▽
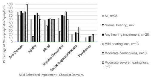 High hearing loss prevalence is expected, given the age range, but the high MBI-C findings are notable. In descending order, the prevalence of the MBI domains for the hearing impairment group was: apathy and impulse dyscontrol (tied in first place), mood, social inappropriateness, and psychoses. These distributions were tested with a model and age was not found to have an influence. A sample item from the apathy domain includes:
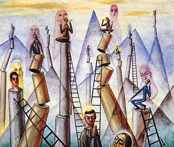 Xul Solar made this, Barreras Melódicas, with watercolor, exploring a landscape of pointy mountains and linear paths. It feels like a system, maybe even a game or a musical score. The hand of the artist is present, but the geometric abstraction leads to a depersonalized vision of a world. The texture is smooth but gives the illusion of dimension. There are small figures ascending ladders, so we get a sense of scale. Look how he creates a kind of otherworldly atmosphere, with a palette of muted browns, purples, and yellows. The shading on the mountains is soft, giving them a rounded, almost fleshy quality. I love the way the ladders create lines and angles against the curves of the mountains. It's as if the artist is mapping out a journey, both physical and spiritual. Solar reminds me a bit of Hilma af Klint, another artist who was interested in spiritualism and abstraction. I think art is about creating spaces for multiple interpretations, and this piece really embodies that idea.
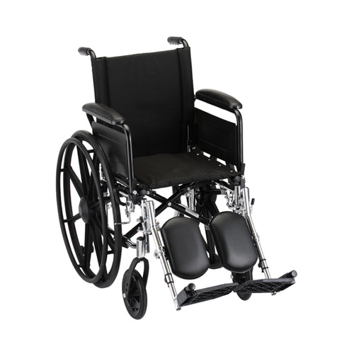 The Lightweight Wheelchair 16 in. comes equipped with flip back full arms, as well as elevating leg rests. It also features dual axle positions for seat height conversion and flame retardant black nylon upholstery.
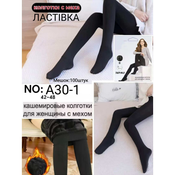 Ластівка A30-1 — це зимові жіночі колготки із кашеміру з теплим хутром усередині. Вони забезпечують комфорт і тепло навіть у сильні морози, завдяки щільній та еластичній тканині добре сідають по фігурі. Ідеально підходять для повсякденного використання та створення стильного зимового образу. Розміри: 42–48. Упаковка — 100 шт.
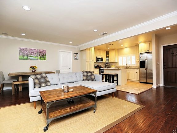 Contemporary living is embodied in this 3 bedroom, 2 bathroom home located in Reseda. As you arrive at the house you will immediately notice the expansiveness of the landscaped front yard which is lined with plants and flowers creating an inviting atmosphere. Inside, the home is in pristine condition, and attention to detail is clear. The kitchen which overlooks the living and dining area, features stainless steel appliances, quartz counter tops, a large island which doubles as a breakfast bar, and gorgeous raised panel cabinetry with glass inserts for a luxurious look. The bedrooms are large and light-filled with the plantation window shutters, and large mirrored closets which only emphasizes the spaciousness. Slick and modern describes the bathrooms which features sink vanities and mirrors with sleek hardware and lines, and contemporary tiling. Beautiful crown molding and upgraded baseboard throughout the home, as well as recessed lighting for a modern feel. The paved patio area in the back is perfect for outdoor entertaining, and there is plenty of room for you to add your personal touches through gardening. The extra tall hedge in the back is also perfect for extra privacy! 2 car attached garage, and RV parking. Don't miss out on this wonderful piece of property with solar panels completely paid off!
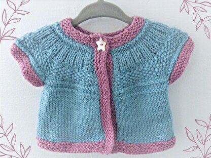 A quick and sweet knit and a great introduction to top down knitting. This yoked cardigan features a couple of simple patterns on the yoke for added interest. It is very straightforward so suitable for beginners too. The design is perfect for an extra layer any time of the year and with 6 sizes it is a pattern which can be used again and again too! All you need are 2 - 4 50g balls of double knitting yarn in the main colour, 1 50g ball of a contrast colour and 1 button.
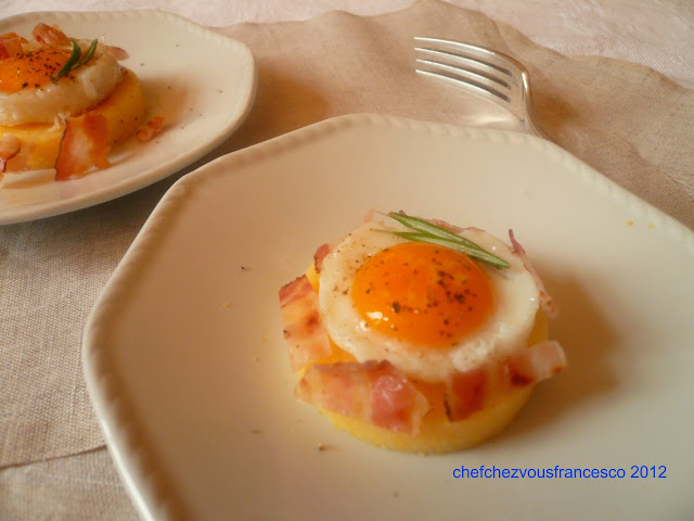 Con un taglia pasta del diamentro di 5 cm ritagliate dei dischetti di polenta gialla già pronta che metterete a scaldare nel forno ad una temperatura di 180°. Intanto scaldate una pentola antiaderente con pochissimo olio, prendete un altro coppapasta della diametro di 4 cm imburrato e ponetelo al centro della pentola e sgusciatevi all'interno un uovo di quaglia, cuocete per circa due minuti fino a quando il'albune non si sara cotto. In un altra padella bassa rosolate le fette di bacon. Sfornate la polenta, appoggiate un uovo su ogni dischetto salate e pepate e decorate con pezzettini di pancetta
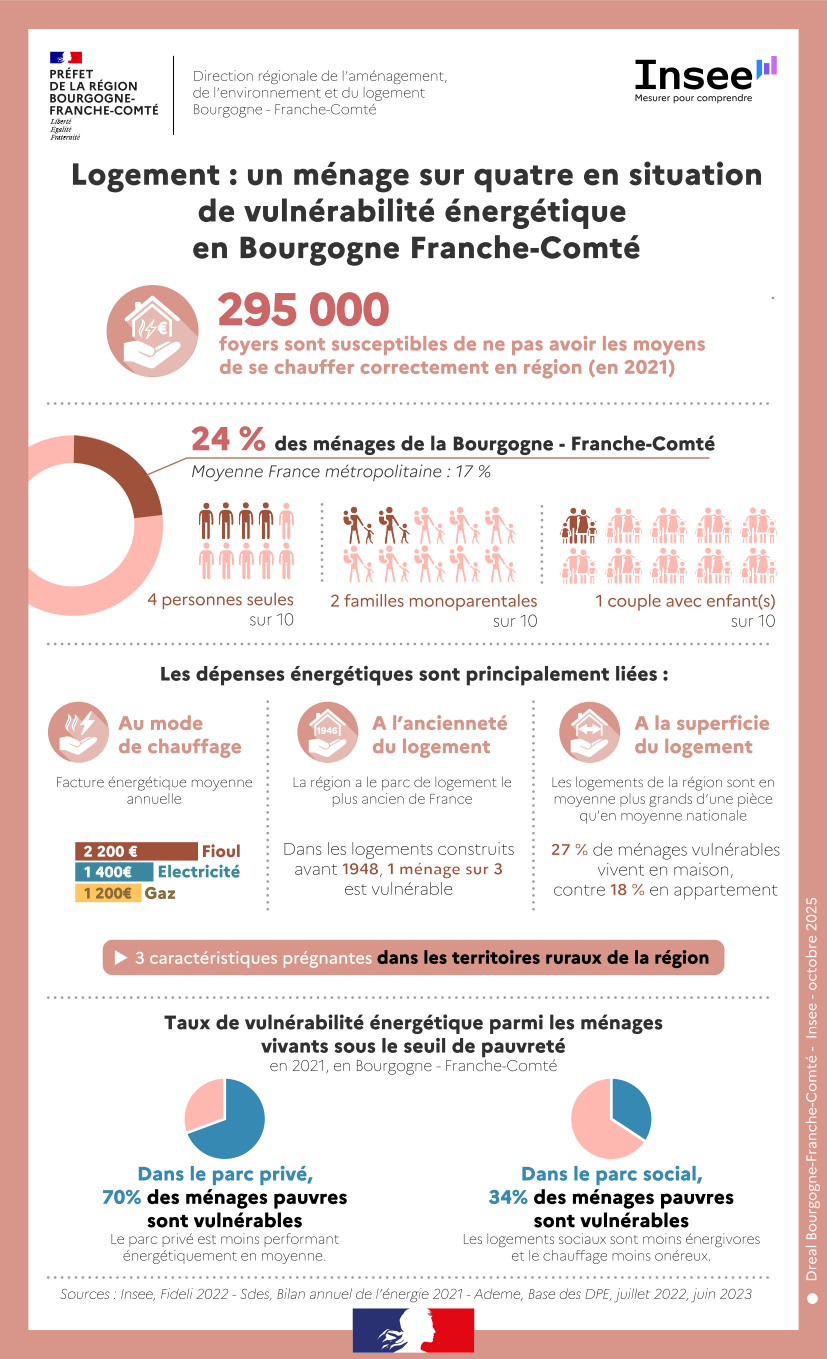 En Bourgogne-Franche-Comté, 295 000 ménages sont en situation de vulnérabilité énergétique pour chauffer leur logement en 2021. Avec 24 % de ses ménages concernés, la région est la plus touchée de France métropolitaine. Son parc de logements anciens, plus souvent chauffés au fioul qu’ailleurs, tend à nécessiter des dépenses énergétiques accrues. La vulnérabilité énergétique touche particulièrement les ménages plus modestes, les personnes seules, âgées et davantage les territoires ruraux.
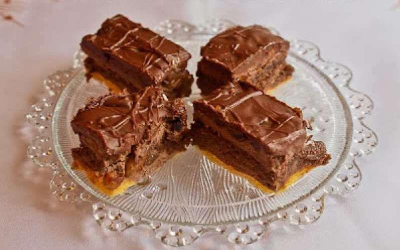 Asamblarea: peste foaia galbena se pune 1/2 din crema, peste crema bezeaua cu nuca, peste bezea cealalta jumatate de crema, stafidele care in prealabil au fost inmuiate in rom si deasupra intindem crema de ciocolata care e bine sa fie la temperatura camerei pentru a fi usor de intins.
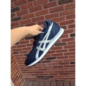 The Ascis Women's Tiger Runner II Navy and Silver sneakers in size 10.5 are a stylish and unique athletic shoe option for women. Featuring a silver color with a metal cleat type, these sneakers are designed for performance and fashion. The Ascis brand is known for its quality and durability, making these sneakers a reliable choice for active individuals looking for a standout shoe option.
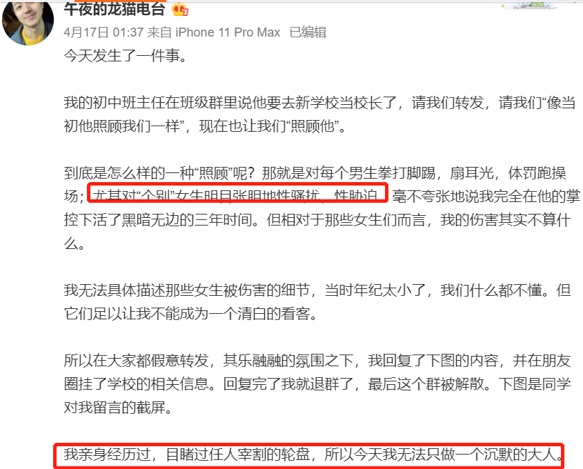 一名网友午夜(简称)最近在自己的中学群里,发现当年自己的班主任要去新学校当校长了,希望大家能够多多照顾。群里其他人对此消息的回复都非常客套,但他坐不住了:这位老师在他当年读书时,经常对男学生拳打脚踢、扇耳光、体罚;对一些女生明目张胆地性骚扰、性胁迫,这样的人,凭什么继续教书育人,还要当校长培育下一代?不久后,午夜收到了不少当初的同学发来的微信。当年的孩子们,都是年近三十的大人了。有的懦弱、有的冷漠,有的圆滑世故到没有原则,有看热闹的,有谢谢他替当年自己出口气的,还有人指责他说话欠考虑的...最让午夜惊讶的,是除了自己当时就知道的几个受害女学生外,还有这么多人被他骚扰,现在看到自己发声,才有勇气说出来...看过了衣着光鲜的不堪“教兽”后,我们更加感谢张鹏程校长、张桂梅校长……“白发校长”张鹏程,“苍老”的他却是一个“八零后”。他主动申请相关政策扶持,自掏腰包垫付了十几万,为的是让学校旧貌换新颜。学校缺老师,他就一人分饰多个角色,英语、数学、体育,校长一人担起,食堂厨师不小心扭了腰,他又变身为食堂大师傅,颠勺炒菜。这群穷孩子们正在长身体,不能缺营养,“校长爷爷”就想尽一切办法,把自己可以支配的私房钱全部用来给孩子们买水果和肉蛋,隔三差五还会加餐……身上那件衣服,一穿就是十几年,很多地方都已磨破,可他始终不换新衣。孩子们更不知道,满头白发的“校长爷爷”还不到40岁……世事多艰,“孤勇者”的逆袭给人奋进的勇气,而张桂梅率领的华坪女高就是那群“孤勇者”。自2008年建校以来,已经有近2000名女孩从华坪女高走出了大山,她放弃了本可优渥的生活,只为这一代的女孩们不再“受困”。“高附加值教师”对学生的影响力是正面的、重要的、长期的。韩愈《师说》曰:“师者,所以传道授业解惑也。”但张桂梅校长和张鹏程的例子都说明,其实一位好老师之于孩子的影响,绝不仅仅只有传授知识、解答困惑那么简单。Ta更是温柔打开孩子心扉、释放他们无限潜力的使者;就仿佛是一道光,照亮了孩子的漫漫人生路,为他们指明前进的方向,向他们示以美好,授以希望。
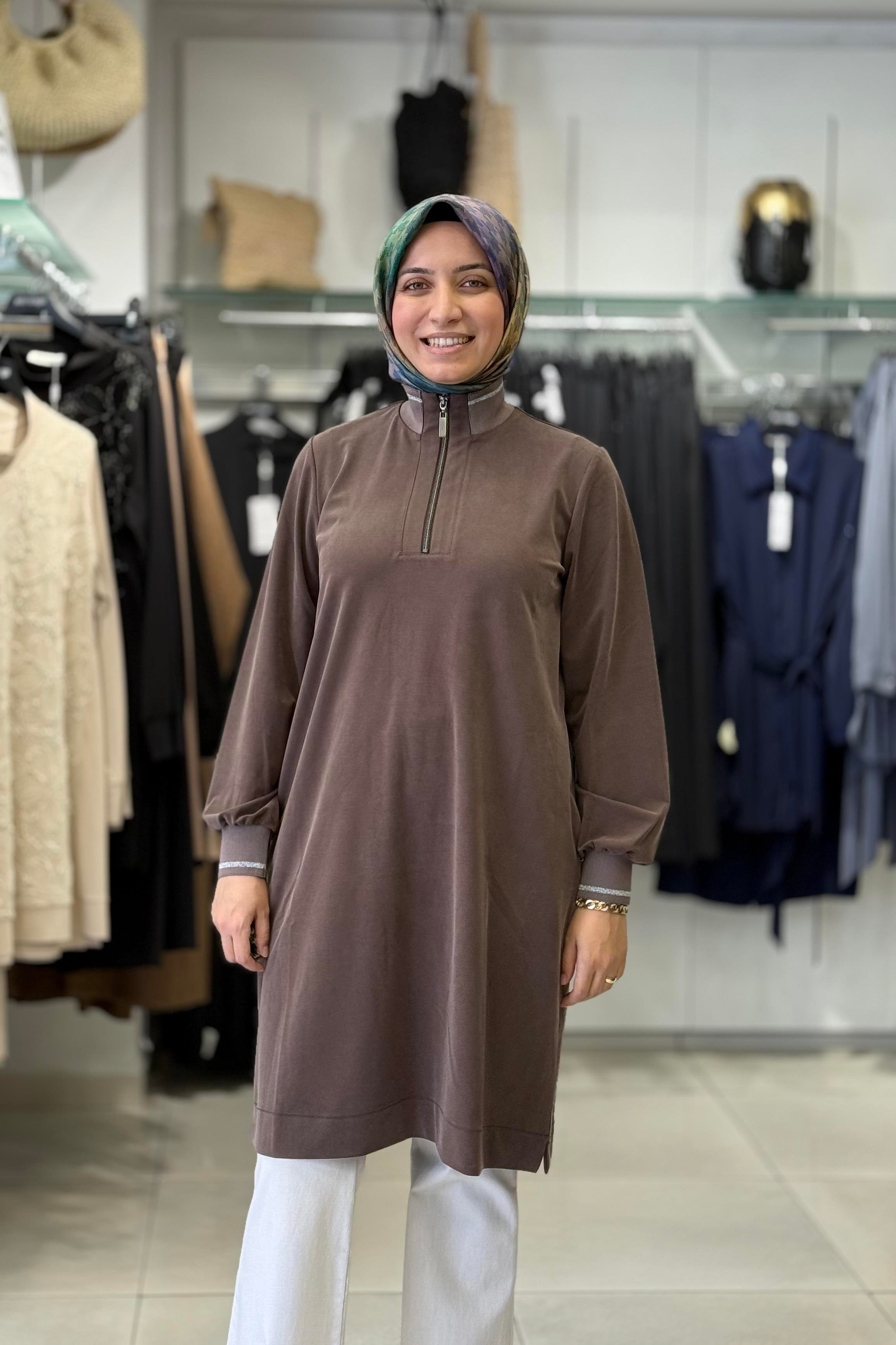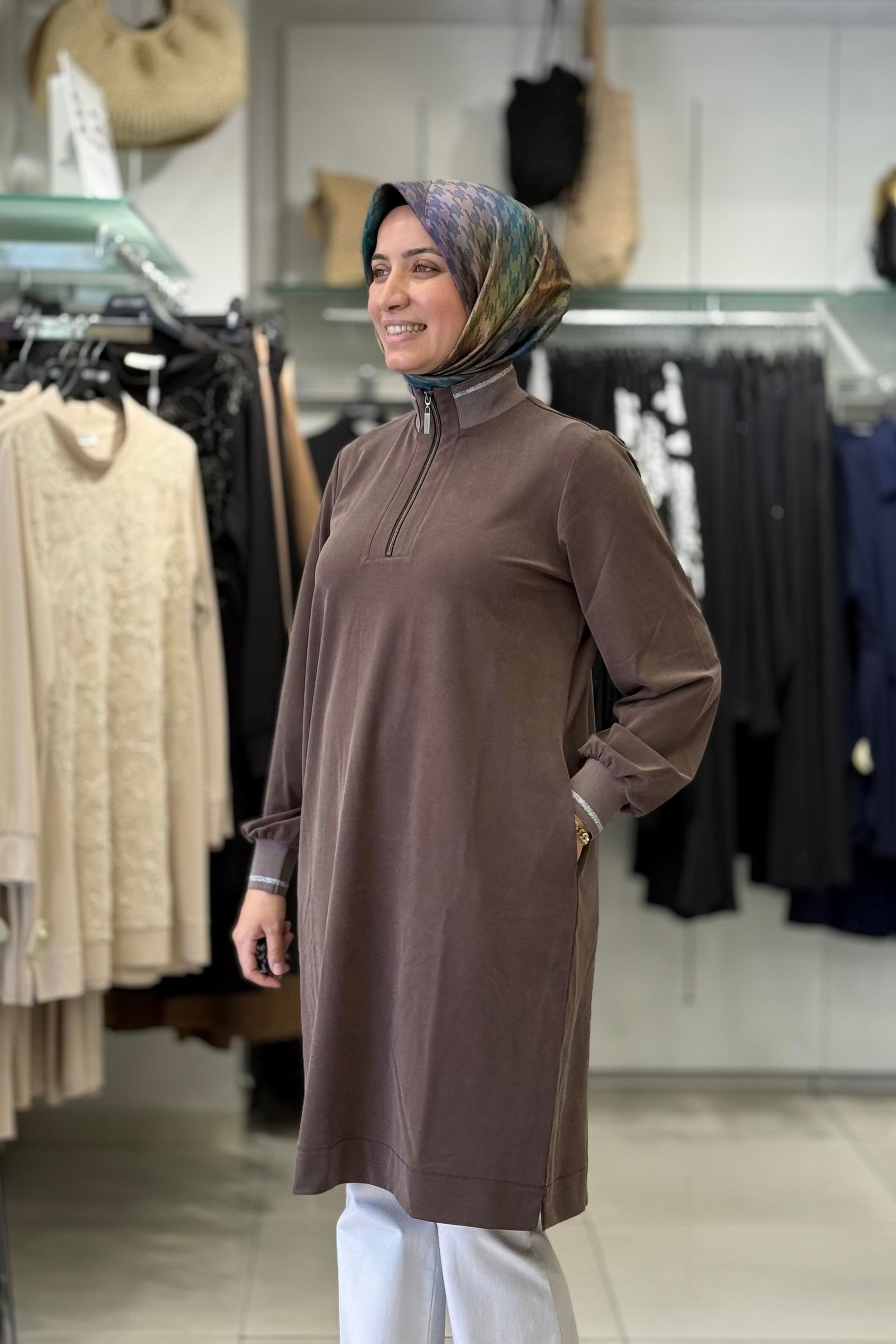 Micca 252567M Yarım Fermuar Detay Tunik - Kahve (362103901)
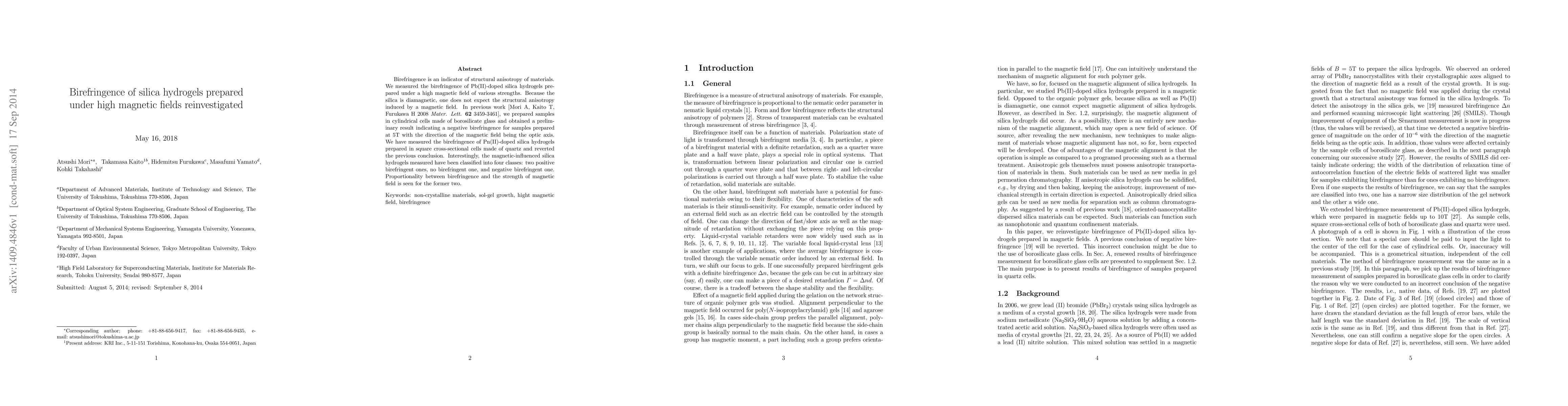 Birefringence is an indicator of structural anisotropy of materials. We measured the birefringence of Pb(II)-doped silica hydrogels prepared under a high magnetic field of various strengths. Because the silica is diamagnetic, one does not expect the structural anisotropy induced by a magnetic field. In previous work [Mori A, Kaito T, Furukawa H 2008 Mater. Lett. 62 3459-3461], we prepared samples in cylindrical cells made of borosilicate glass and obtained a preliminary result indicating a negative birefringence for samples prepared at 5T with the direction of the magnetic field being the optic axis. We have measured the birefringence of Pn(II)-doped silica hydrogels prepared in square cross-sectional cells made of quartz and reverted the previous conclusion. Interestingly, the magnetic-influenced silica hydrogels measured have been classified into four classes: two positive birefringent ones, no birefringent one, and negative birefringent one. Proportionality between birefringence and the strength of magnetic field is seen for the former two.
△
Work request
Copy the whole of the material above exactly, and exclude every picture.

Solution for this exercise
 High hearing loss prevalence is expected, given the age range, but the high MBI-C findings are notable. In descending order, the prevalence of the MBI domains for the hearing impairment group was: apathy and impulse dyscontrol (tied in first place), mood, social inappropriateness, and psychoses. These distributions were tested with a model and age was not found to have an influence. A sample item from the apathy domain includes:
 Xul Solar made this, Barreras Melódicas, with watercolor, exploring a landscape of pointy mountains and linear paths. It feels like a system, maybe even a game or a musical score. The hand of the artist is present, but the geometric abstraction leads to a depersonalized vision of a world. The texture is smooth but gives the illusion of dimension. There are small figures ascending ladders, so we get a sense of scale. Look how he creates a kind of otherworldly atmosphere, with a palette of muted browns, purples, and yellows. The shading on the mountains is soft, giving them a rounded, almost fleshy quality. I love the way the ladders create lines and angles against the curves of the mountains. It's as if the artist is mapping out a journey, both physical and spiritual. Solar reminds me a bit of Hilma af Klint, another artist who was interested in spiritualism and abstraction. I think art is about creating spaces for multiple interpretations, and this piece really embodies that idea.
 The Lightweight Wheelchair 16 in. comes equipped with flip back full arms, as well as elevating leg rests. It also features dual axle positions for seat height conversion and flame retardant black nylon upholstery.
 Ластівка A30-1 — це зимові жіночі колготки із кашеміру з теплим хутром усередині. Вони забезпечують комфорт і тепло навіть у сильні морози, завдяки щільній та еластичній тканині добре сідають по фігурі. Ідеально підходять для повсякденного використання та створення стильного зимового образу. Розміри: 42–48. Упаковка — 100 шт.
 Contemporary living is embodied in this 3 bedroom, 2 bathroom home located in Reseda. As you arrive at the house you will immediately notice the expansiveness of the landscaped front yard which is lined with plants and flowers creating an inviting atmosphere. Inside, the home is in pristine condition, and attention to detail is clear. The kitchen which overlooks the living and dining area, features stainless steel appliances, quartz counter tops, a large island which doubles as a breakfast bar, and gorgeous raised panel cabinetry with glass inserts for a luxurious look. The bedrooms are large and light-filled with the plantation window shutters, and large mirrored closets which only emphasizes the spaciousness. Slick and modern describes the bathrooms which features sink vanities and mirrors with sleek hardware and lines, and contemporary tiling. Beautiful crown molding and upgraded baseboard throughout the home, as well as recessed lighting for a modern feel. The paved patio area in the back is perfect for outdoor entertaining, and there is plenty of room for you to add your personal touches through gardening. The extra tall hedge in the back is also perfect for extra privacy! 2 car attached garage, and RV parking. Don't miss out on this wonderful piece of property with solar panels completely paid off!
 A quick and sweet knit and a great introduction to top down knitting. This yoked cardigan features a couple of simple patterns on the yoke for added interest. It is very straightforward so suitable for beginners too. The design is perfect for an extra layer any time of the year and with 6 sizes it is a pattern which can be used again and again too! All you need are 2 - 4 50g balls of double knitting yarn in the main colour, 1 50g ball of a contrast colour and 1 button.
 Con un taglia pasta del diamentro di 5 cm ritagliate dei dischetti di polenta gialla già pronta che metterete a scaldare nel forno ad una temperatura di 180°. Intanto scaldate una pentola antiaderente con pochissimo olio, prendete un altro coppapasta della diametro di 4 cm imburrato e ponetelo al centro della pentola e sgusciatevi all'interno un uovo di quaglia, cuocete per circa due minuti fino a quando il'albune non si sara cotto. In un altra padella bassa rosolate le fette di bacon. Sfornate la polenta, appoggiate un uovo su ogni dischetto salate e pepate e decorate con pezzettini di pancetta
 En Bourgogne-Franche-Comté, 295 000 ménages sont en situation de vulnérabilité énergétique pour chauffer leur logement en 2021. Avec 24 % de ses ménages concernés, la région est la plus touchée de France métropolitaine. Son parc de logements anciens, plus souvent chauffés au fioul qu’ailleurs, tend à nécessiter des dépenses énergétiques accrues. La vulnérabilité énergétique touche particulièrement les ménages plus modestes, les personnes seules, âgées et davantage les territoires ruraux.
 Asamblarea: peste foaia galbena se pune 1/2 din crema, peste crema bezeaua cu nuca, peste bezea cealalta jumatate de crema, stafidele care in prealabil au fost inmuiate in rom si deasupra intindem crema de ciocolata care e bine sa fie la temperatura camerei pentru a fi usor de intins.
 The Ascis Women's Tiger Runner II Navy and Silver sneakers in size 10.5 are a stylish and unique athletic shoe option for women. Featuring a silver color with a metal cleat type, these sneakers are designed for performance and fashion. The Ascis brand is known for its quality and durability, making these sneakers a reliable choice for active individuals looking for a standout shoe option.
 一名网友午夜(简称)最近在自己的中学群里,发现当年自己的班主任要去新学校当校长了,希望大家能够多多照顾。群里其他人对此消息的回复都非常客套,但他坐不住了:这位老师在他当年读书时,经常对男学生拳打脚踢、扇耳光、体罚;对一些女生明目张胆地性骚扰、性胁迫,这样的人,凭什么继续教书育人,还要当校长培育下一代?不久后,午夜收到了不少当初的同学发来的微信。当年的孩子们,都是年近三十的大人了。有的懦弱、有的冷漠,有的圆滑世故到没有原则,有看热闹的,有谢谢他替当年自己出口气的,还有人指责他说话欠考虑的...最让午夜惊讶的,是除了自己当时就知道的几个受害女学生外,还有这么多人被他骚扰,现在看到自己发声,才有勇气说出来...看过了衣着光鲜的不堪“教兽”后,我们更加感谢张鹏程校长、张桂梅校长……“白发校长”张鹏程,“苍老”的他却是一个“八零后”。他主动申请相关政策扶持,自掏腰包垫付了十几万,为的是让学校旧貌换新颜。学校缺老师,他就一人分饰多个角色,英语、数学、体育,校长一人担起,食堂厨师不小心扭了腰,他又变身为食堂大师傅,颠勺炒菜。这群穷孩子们正在长身体,不能缺营养,“校长爷爷”就想尽一切办法,把自己可以支配的私房钱全部用来给孩子们买水果和肉蛋,隔三差五还会加餐……身上那件衣服,一穿就是十几年,很多地方都已磨破,可他始终不换新衣。孩子们更不知道,满头白发的“校长爷爷”还不到40岁……世事多艰,“孤勇者”的逆袭给人奋进的勇气,而张桂梅率领的华坪女高就是那群“孤勇者”。自2008年建校以来,已经有近2000名女孩从华坪女高走出了大山,她放弃了本可优渥的生活,只为这一代的女孩们不再“受困”。“高附加值教师”对学生的影响力是正面的、重要的、长期的。韩愈《师说》曰:“师者,所以传道授业解惑也。”但张桂梅校长和张鹏程的例子都说明,其实一位好老师之于孩子的影响,绝不仅仅只有传授知识、解答困惑那么简单。Ta更是温柔打开孩子心扉、释放他们无限潜力的使者;就仿佛是一道光,照亮了孩子的漫漫人生路,为他们指明前进的方向,向他们示以美好,授以希望。
 Micca 252567M Yarım Fermuar Detay Tunik - Kahve (362103901)
 Birefringence is an indicator of structural anisotropy of materials. We measured the birefringence of Pb(II)-doped silica hydrogels prepared under a high magnetic field of various strengths. Because the silica is diamagnetic, one does not expect the structural anisotropy induced by a magnetic field. In previous work [Mori A, Kaito T, Furukawa H 2008 Mater. Lett. 62 3459-3461], we prepared samples in cylindrical cells made of borosilicate glass and obtained a preliminary result indicating a negative birefringence for samples prepared at 5T with the direction of the magnetic field being the optic axis. We have measured the birefringence of Pn(II)-doped silica hydrogels prepared in square cross-sectional cells made of quartz and reverted the previous conclusion. Interestingly, the magnetic-influenced silica hydrogels measured have been classified into four classes: two positive birefringent ones, no birefringent one, and negative birefringent one. Proportionality between birefringence and the strength of magnetic field is seen for the former two.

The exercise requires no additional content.